Against The Day (2006)

"Then each time Fleetwood would be not so much overcome by remorse as bedazzled at having been shown the secret backlands of wealth, and how sooner or later it depended on some act of murder, seldom limited to once" (170).

"Like it or not, he had joined the company of those who follow their hunches directly to bottoms of barrels and end of lines…" (282).

"Time as it commonly passes here, above this galley-slave repetition of days… "(617).

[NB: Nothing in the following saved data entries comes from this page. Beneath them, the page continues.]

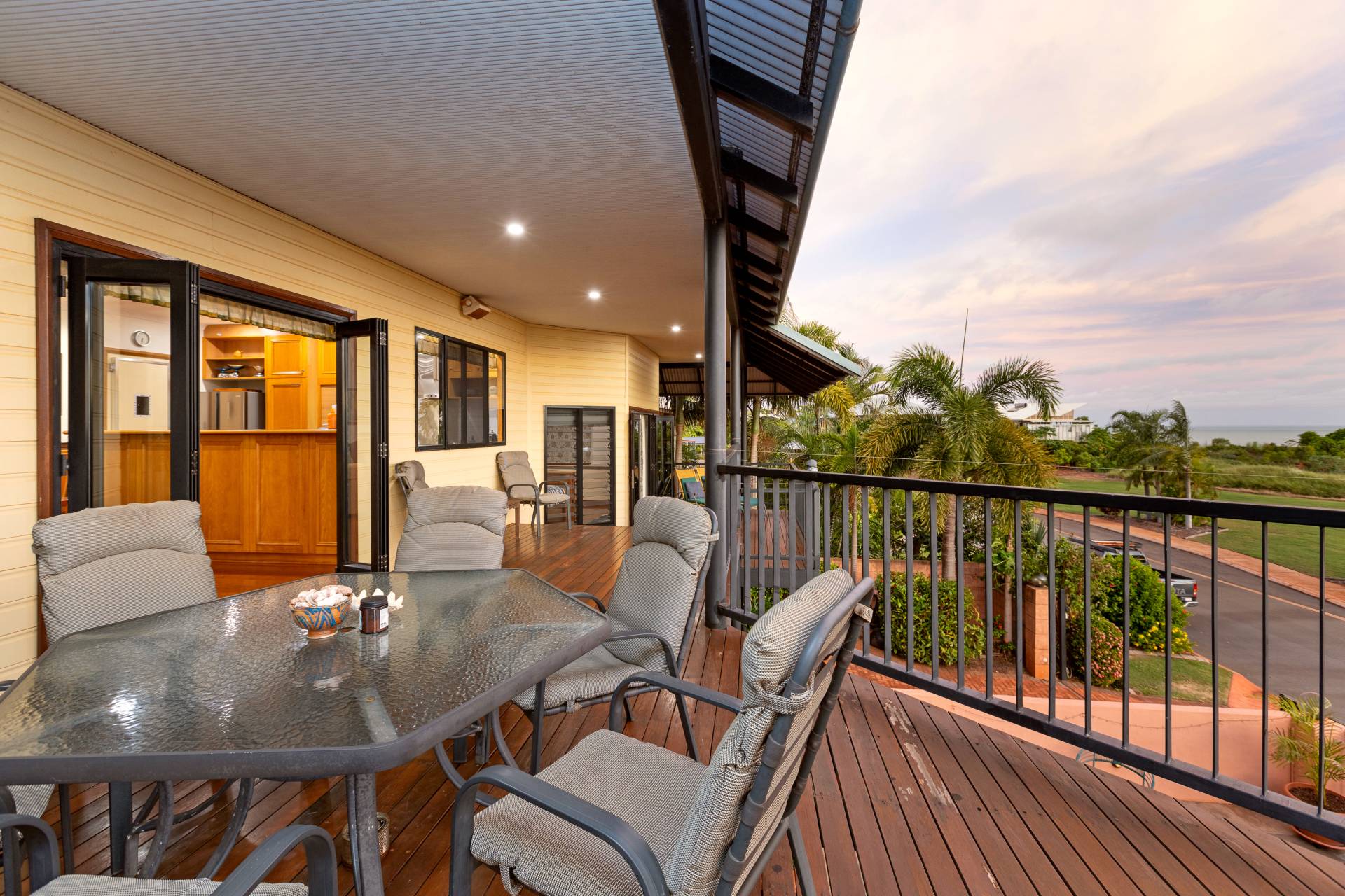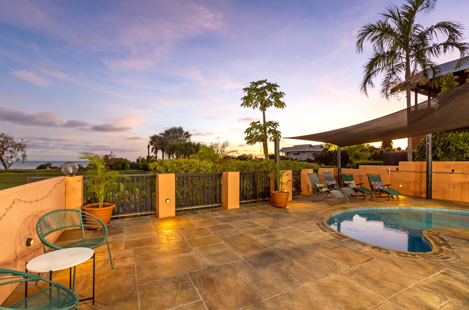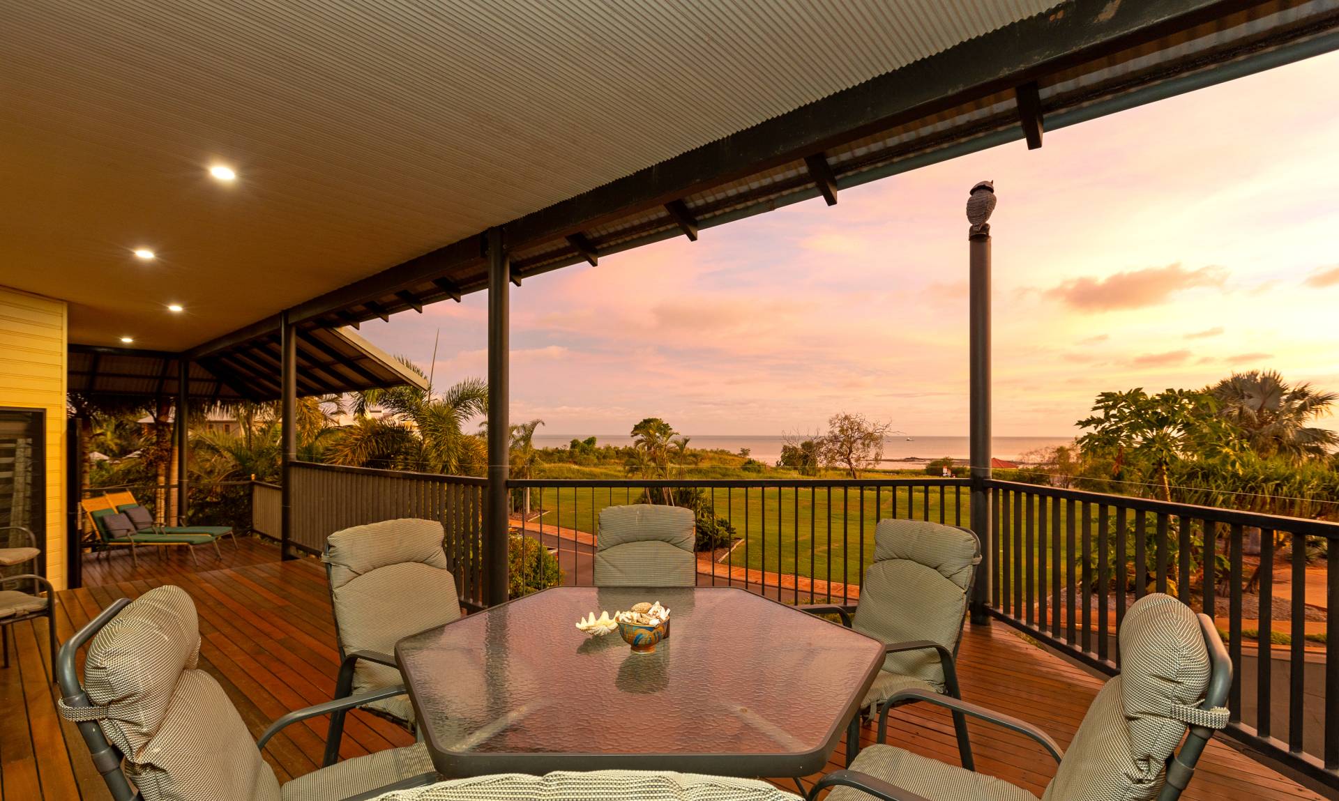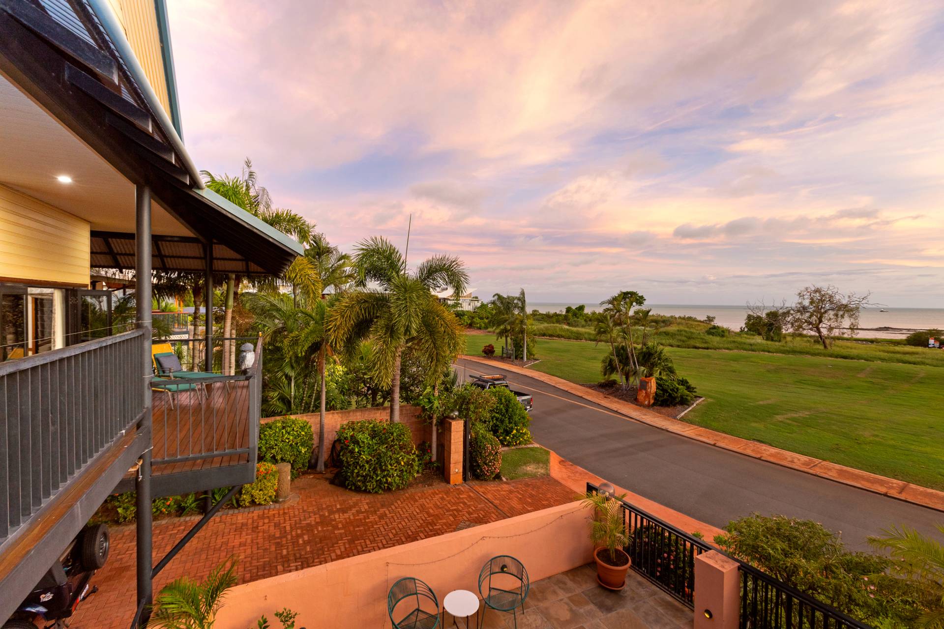Wake up to the glorious view of the azure waters of Roebuck Bay! Life doesn’t get much better with 20 Demco Drive, Broome. Walk across the road and you are on the beach for an early morning stroll or enjoy a sunset drink on your own balcony.                                            Flaunting sprawling balconies and a lush, established garden, 20 Demco boasts a perfect blend of picturesque outdoor living and seclusion from the bustling town of Broome.             Enforced with a brick exterior, this 5x4 with an office is ideal for large families or buyers searching for the right property for a bed-and-breakfast. Matched with a spacious storeroom and ample parking space, the property has two entrances, one on the right of the property, and one on the left, allowing complete separation of the first and second floors of the property if so desired.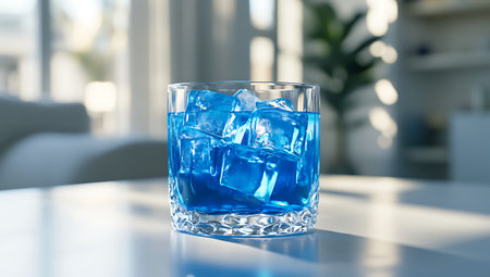 Glass of blue water with ice cubes on table in modern living room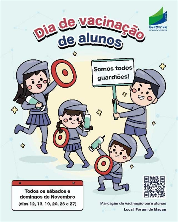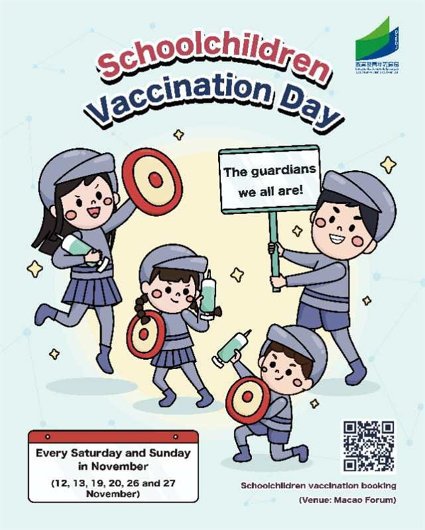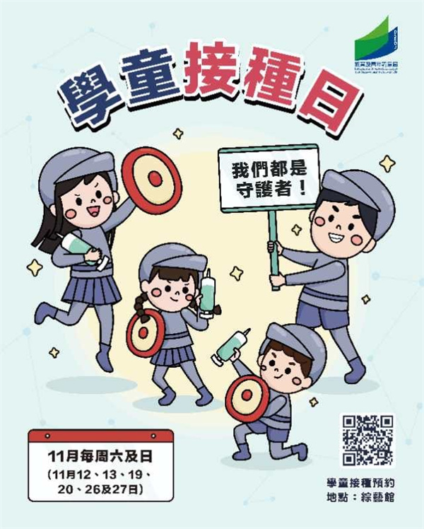為持續推動學童接種新冠疫苗,預防及減低重症及死亡風險,教育及青年發展局與衛生局繼續於十一月每周六、日進行 “學童接種日”,讓家長儘快為年滿3歲而未接種新冠疫苗的子女及時接種。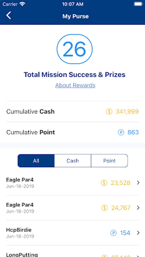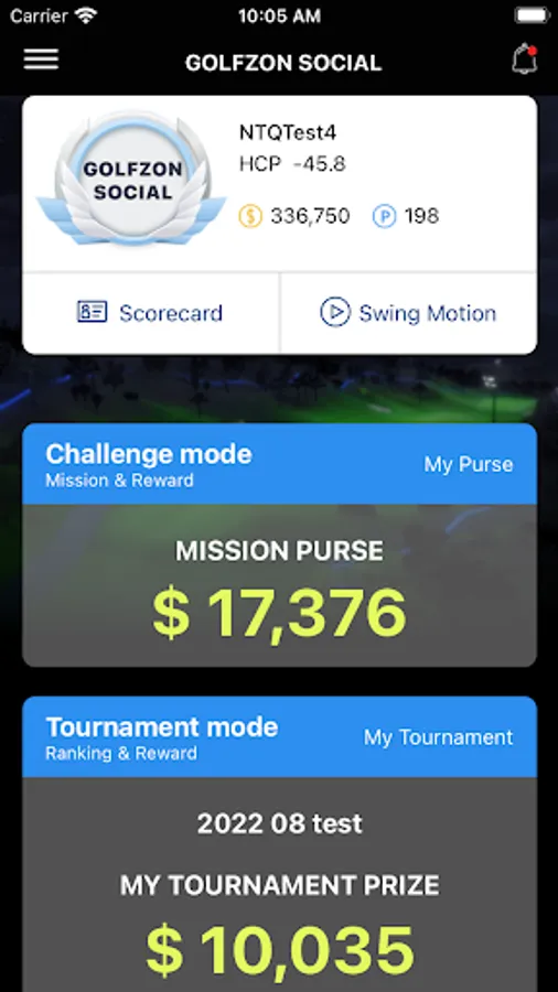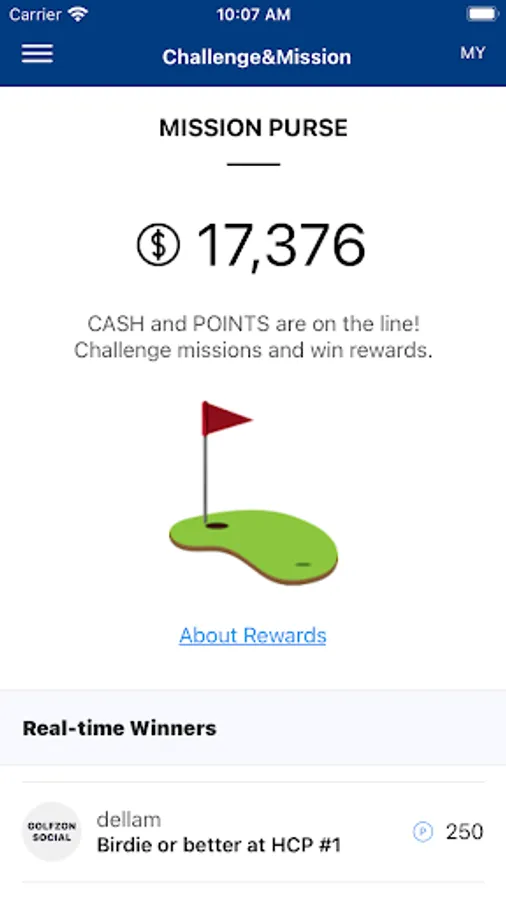 Challenge your golf skills and receive cash or point rewards through Missions such as Par 5 Albatross, Par 3 Hole-in-One, or Par 4 Eagle. You can exchange the cash prize to real money and use Points at GOLFZON SOCIAL shops. Rewards are redeemable only through GOLFZON SOCIAL app.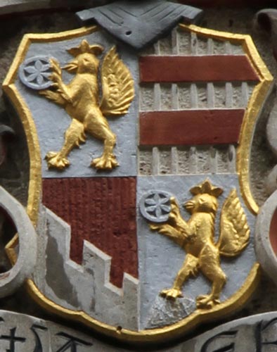 Das vorherige und das nachfolgend beschriebene Wappen befinden sich an zwei benachbarten Häusern in der Herrngasse, ersteres am linken Haus (Herrngasse 16, ein vor 1600 entstandener, dreigeschossiger Massivbau mit Halbwalmdach und hoher Toreinfahrt), letzteres am rechten Haus (Herrngasse 14, ein im 18. Jh. überformter, dreigeschossiger Traufseitbau mit Satteldach und Krangaube mit älterem Kern), welches ein Patrizierhaus der Familie Schertling war, das zuletzt im Besitz der Familie Renger war.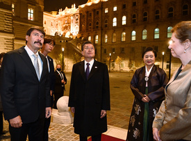 Mun Dzse In dél-koreai államfő (j3) és felesége, Kim Dzsong Szuk (j2), valamint Áder János köztársasági elnök (b) és felesége, Herczegh Anita (j) a Királyi Lovardában rendezett díszvacsora előtt 2021. november 3-án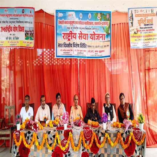 फास्ट न्यूज इंडिया यूपी लालगंज प्रतापगढ़। नगर स्थित हेमवती नंदन बहुगुणा पीजी कालेज में चल रहे सात दिवसीय राष्ट्रीय सेवा योजना शिविर का शुक्रवार को समारोहपूर्वक समापन हुआ। मुख्य अतिथि डॉ0 रामशिरोमणि त्रिपाठी, विशिष्ट अतिथि नायब तहसीलदार वीरेन्द्र मिश्र, डॉ0 पुरूषोत्तम शुक्ल, इं. जितेन्द्र त्रिपाठी व डॉ0 सिद्धार्थ त्रिपाठी द्वारा दीप प्रज्जवलन व मां सरस्वती के चित्र पर माल्यार्पण से कार्यक्रम का शुभारंभ हुआ। कार्यक्रम में छात्र छात्राओं ने सरस्वती वंदना, स्वागत गान, राष्ट्रगीत आदि की सांस्कृतिक प्रस्तुतियों से मंत्रमुग्ध किया। कार्यक्रमाधिकारी डॉ0 फणीन्द्र नारायण मिश्र के संयोजन में प्रबुद्धजनों सभासद कैलाशनाथ तिवारी, जावेद अहमद, ब्रजघोष ओझा, डॉ0 निशान्त पाण्डेय आदि का सम्मान भी हुआ। मुख्य अतिथि डॉ0 रामशिरोमणि त्रिपाठी ने कहा कि राष्ट्रीय सेवा योजना का मुख्य उददेश्य शिविरार्थियों के व्यक्तित्व व चरित्र का विकास करना है। विशिष्ट अतिथि डॉ0 पुरूषोत्तम शुक्ल ने कहा कि एनएसएस शिविर निःस्वार्थ सेवा और समाज के प्रति जिम्मेदारियों को दर्शाता है। विशिष्ट अतिथि इं. जितेन्द्र त्रिपाठी व डॉ0 सिद्धार्थ त्रिपाठी ने एनएसएस की महत्ता बतायी। कार्यक्रम का संचालन डॉ0 गंगाधर मिश्र ने किया। इस मौके पर डॉ0 श्याम नारायण त्रिपाठी, डॉ0 संतोष मिश्र, डॉ0 शिवकुमार यादव, डॉ0 अभिषेक पाण्डेय, डॉ0 सियाराम मौर्य, डॉ0 शैलेन्द्र सरोज, डॉ0 ऐश्वर्य तिवारी, डॉ0 महेश पाण्डेय आदि रहे। रिपोर्ट विशाल रावत 151019049
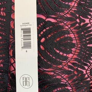 Alton gray bubble gum pink dress with black lace 6, new with tags, no visible flaws, 95% polyester, 5% spandex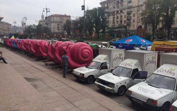 В центре Киева под зданием Киевской городской мэрии приехали владельцы кофемобилей, протестуя против их закрытия.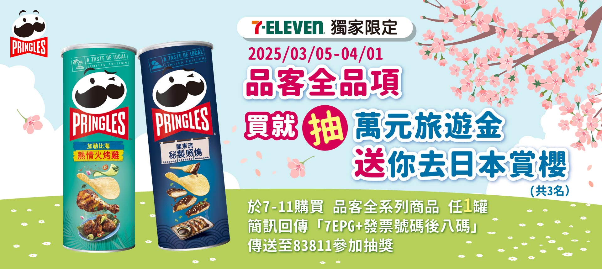 (7-ELEVEN獨家限定)2025 品客【買品客全系列商品任1罐 抽萬元旅遊金去日本賞櫻】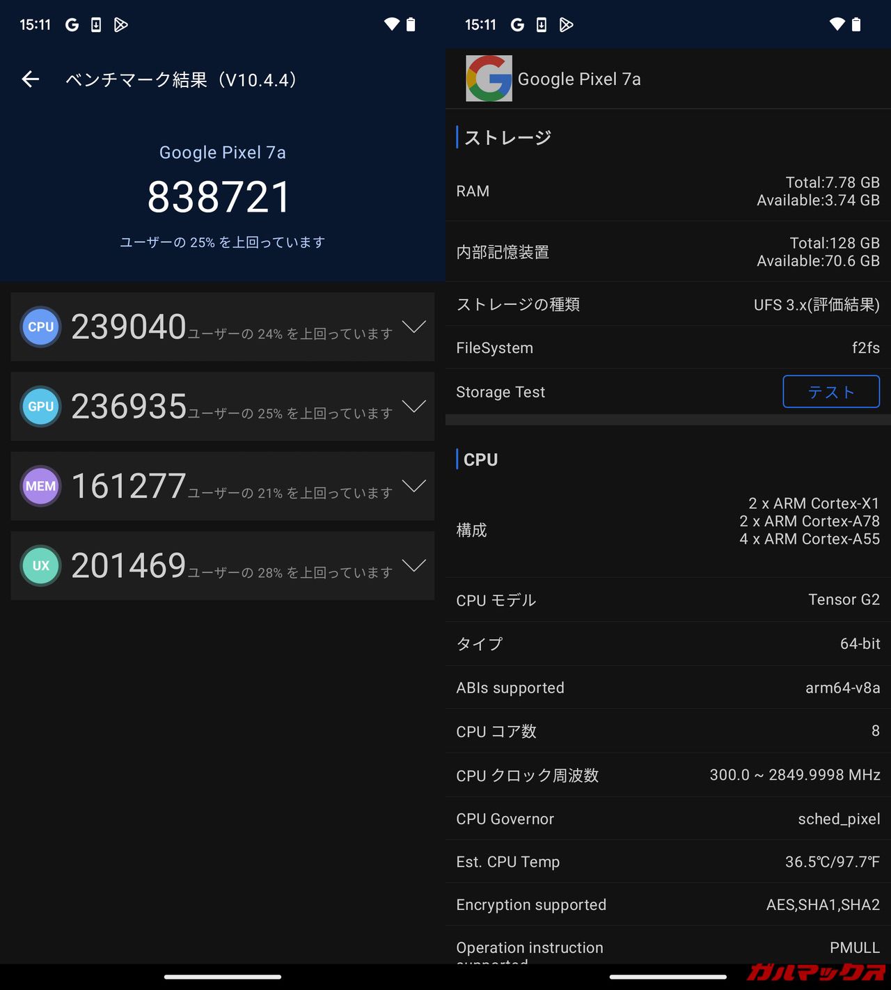 ▼Tensor G2の実機AnTuTuのスコアは総合スコアが838,721点、GPUスコアは236,935点、UXは201,469点となっていました。↓

" Kit had half come to hope that someday, in some dreamed future, when his silence had grown plausible to pearl Street, then would have been his moment to return, agent at last for Webb’s vengeful ghost, return to daylit America, its practical affairs, its steadfast denial of night.  Where acts such as the one he contemplated were given no name but “Terror,” because the language of that place—he might no longer say “home”—possessed no others" (723).

 

 

            “Not quite how it sorts out.  Differences among the world religions are in fact rather trivial when compared to the common enemy, the ancient and abiding darkness which all hate, fear, and struggle against without cease…Shamanism.  There isn’t a primitive people anywhere on Earth that can’t be found practicing some form of it.  Every state religion, including your own, considers it irrational and pernicious, and has taken steps to eradicate it.”

            “What? There’s no ‘state religion’ in the U.S.A., pardner, we’ve got freedom of worship, it’s guaranteed in the Constitution—keeps church and state separate, just so’s we don’t turn into something like England and keep marching off into the brush with bagpipes and Gatling guns, looking for more infidels to wipe out.  Nothing personal o’ course.”

            “The Cherokee,” replied Prance, “the Apache, the massacre of the Sioux Ghost Dancers at Wounded Knee, every native Red Indian you’ve found, you people have either tried to convert to Christianity or you’ve simply killed.”

            “That was about land,” said Kit.

            “I suggest it was about the fear of medicine men and strange practices, dancing and drug-taking, that allow humans to be in touch with the powerful gods hiding in the landscape, with no need of any official church to mediate it for them.  The only drug you’ve ever been comfortable with is alcohol, so you went in and poisoned the tribes with that.  Your whole history in America has been one long religious war, secret crusades, disguised under false names. You tried to exterminate African shamanism by kidnapping half the continent into slavery, giving them Christian names, and shoving your peculiar versions of the Bible down their throats, and look what happened.”

            “The Civil War?  That was economics.  Politics.”

            “That was the gods you tried to destroy, waiting their hour, taking their revenge.  You people really believe everything you’re taught, don’t you?

         

 

 

 

 

 

 

 

 

 

 

"The hope it ignited was unexpected—almost, in her life at the moment, unaffordable.  But hadn’t she just been out in the Riviera casinos willing to risk far more against longer odds?  Laboring through a world every day more stultified, which expected salvation in codes and governments, ever more willing to settle for suburban narratives and diminished payoffs—what were the chances of finding anyone else seeking to transcend that…."(877).